Arrivò a Milano nella primavera inoltrata del 1987. Una mattina di giugno andiamo a prenderlo in albergo io e il fotografo Gianni Buzzi per portarlo allo stadio e immortalarlo sul campo di San Siro, in divisa rossonera.

Il Milan gli aveva fornito maglietta, calzoncini e calzettoni. “E le scarpe?”, gli chiediamo. “No hay”, non le ho, risponde Claudio Borghi, 23 anni, appena sbarcato dall’Argentinos Juniors dove aveva giocato 55 partite e segnato 9 gol in 5 stagioni. 

Talentuoso a livelli superlativi, fantasista tecnicamente dotatissimo, dopo che Platini lo ha soprannominato “Il Picasso del calcio” lo battezzano anche erede di Maradona.
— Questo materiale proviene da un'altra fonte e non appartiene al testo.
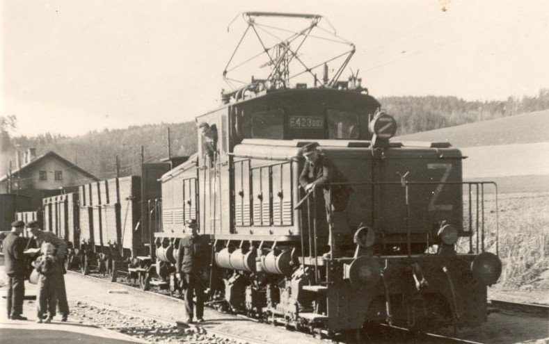 E 423.002 s nákladním vlakem ve stanici Vyšší Brod klášter někdy v 50. letech, kdy sem byla zapůjčena jako výpomoc během stavby lipenské přehrady (foto archiv Luboš Klečatský)
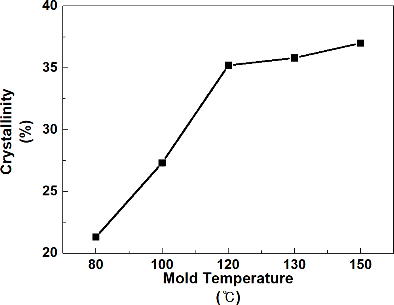 금형 온도는 소재의 결정화율을 조절할 수 있는 가공조건 중 하나로, 소재의 결정화율 조절과 그에 따른 물성변화 분석을 위하여 사출공정에서 금형
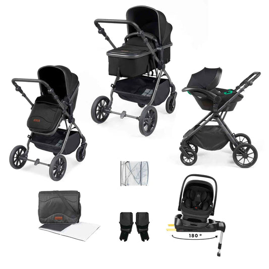 Ickle Bubba Cosmo 9 Piece Travel System Black with i-Size Nimbus 180° Spin Car Seat & ISOFIX Base
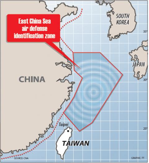 Chinese Nationalist Party (KMT) Legislator Lin Yu-fang (林郁方), who also sits on the legislature’s Foreign Affairs and National Defense Committee, suggested that China’s move was aimed at Japan, as China did not include Taiwan’s Pengjia Islet (彭佳嶼) in its East China Sea air defense identification zone.
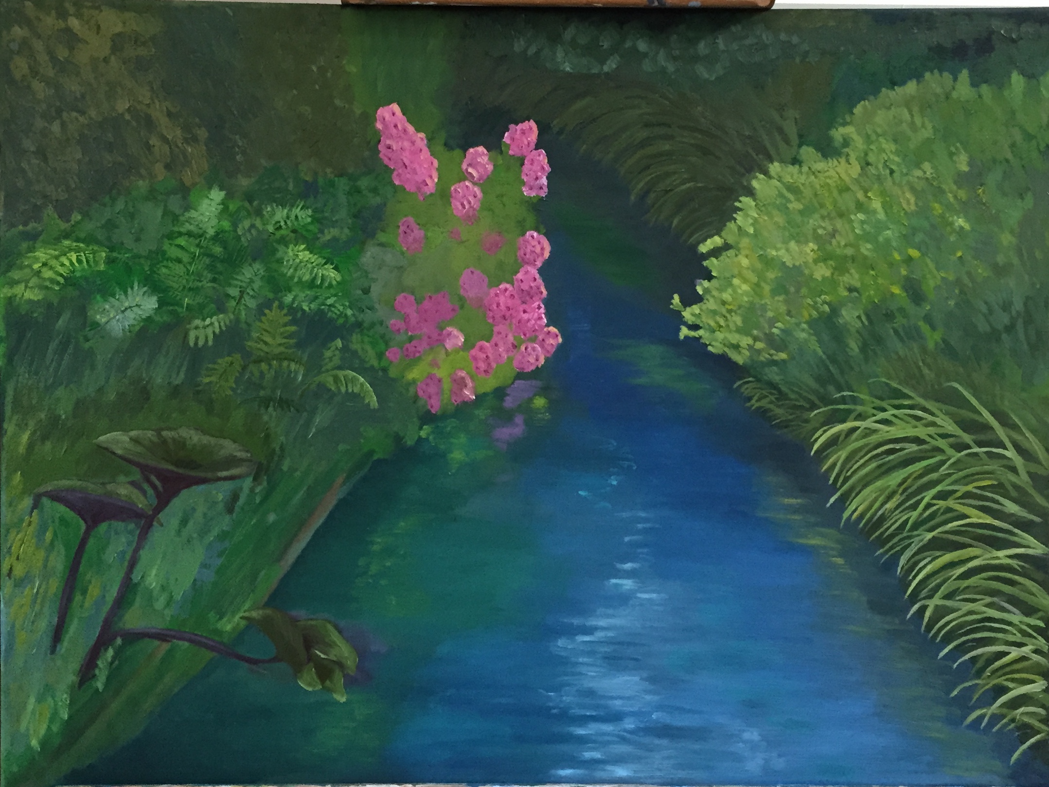 First, tried doing variations of blue water with white highlights, which didn’t look right. Roughed in the purple flowers in the lower left front corner.

Il mondo infatti lo ha conosciuto 2 anni prima, incantato dalla sua classe nella finale Intercontinentale di Tokio tra Juventus e Argentinos Juniors: grazie a un assist di Borghi gli argentini tornarono momentaneamente in vantaggio 2-1, poi Laudrup aveva pareggiato e i bianconeri avrebbero vinto ai rigori. 

Ci fermiamo in un improbabile negozio di articoli sportivi vicino alla Fiera, gli compriamo un paio di scarpe terribili almeno 3 misure più grandi del suo piede e Claudio ride per tutto il tragitto, fino al momento di indossarle: “Parecen las de un payaso… Con estas zapatillas podrás ir a esquiar… Los inventaron para los patos”, sembrano quelle di un pagliaccio… Con queste scarpe si può andare a sciare… Le hanno inventate per le anatre.

E’ arrivato in Italia da solo e non tornerà in Argentina, resterà a Milano fino al ritiro, fissato un mese dopo. Ogni giorno il direttore sportivo del Milan, Ariedo Braida, lo accompagna ad allenarsi a Milanello, dove non c’è nessuno: sono tutti in vacanza. 

“Ma ‘queste’ piensa que yo soy tonto”, racconta con la sua vocina infantile. Questo (Braida) crede che io sia scemo: “Tutte le mattine passiamo davanti all’Arco della Pace e lui grida: ‘Guarda, Bici, l’Arco della Pace’! Tutte le mattine…”. E ride di gusto. Bici è la pronuncia italiana del soprannome che gli hanno dato in Argentina, “El bichi”, l’insetto. 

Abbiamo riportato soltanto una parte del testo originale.